Black kites were carving the air over the Medoc this morning as I drove north for my first appointment. And it seemed that the frogs by the stream at Chateau Kirwan had noticed them too, as they seemed nervous, leaping into the gin-clear water when my shadow fell on them, cutting chains of bubbles as they headed for the safety of the bottom and the weed that grows there.
Today was the first day of the Union des Grand Crus tastings and I intermixed these marathons with individual chateau visits. All has been conducted under clear skies and bright sunshine and the wines have been similarly clear-voiced and bright. These liquids are an easy taste; don't let anyone tell you otherwise.
And lots of thoughts have been churning around in my head, the main one relating to the question of style. My issue is thus:
A few years ago - a very few years ago - vintages classed as fine were generally relatively homogenous in style. 2010 was fabulous to taste young and one felt that, in a decade's time, one would have a reasonable shout of identifying the vintage characteristics if one were served one of the wines blind.
Now, that seems not to be the case any longer. Styles within individual communes vary really quite widely. Alcohol levels are markedly different; wines are radically varying in colour; levels of tannins come from polar opposite ends of the spectrum. And I've been trying to imagine the reasons for this.

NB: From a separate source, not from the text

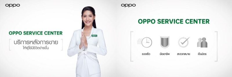 นอกจากนี้ OPPO ยังคำนึงถึงผู้ใช้งานด้วยบริการหลังการขายกับ OPPO Service Center ที่ช่วยให้ผู้ใช้งานมีชีวิตที่ง่ายขึ้น ด้วยบริการสุด Exclusive กับบริการซ่อมด่วนภายในหนึ่งชั่วโมง บริการรับส่งเครื่องซ่อมถึงมือลูกค้า ตรวจเช็กสภาพเครื่อง และอัปเกรดซอฟต์แวร์

At one senior chateau yesterday the wine maker told me quite succinctly that they tried to make a wine that defines that chateau, rather than the vintage and I wondered whether this might explain the stylistic differences in the wines. Whatever it is, it is clear that the modern vigneron still has a great many questions to think about when growing the fruit and making the wine from that fruit.
In any event, lots of very nice wines today, including Chateaux Latour and Margaux, this latter as especial highlight. It's the mutt's.
Lynch Bages lovers take note: the 2016 vintage of the wine you love is a properly serious bit of kit, almost Latour-like in its stuffing and purity. And it has higher IPT (that polyphenol/tannin thing again) levels than even Latour. At 95 it really is brimming with matter.
Look, 2016 has produced a great many superb Bordeaux wines. But I wonder whether superb Bordeaux wines are becoming rather like pretty girls. When one sees a pretty girl walking down the street she might catch your eye and then sail past with her nose in the air, but you know for a fact that there's no shortage of pretty girls and another will be along any minute.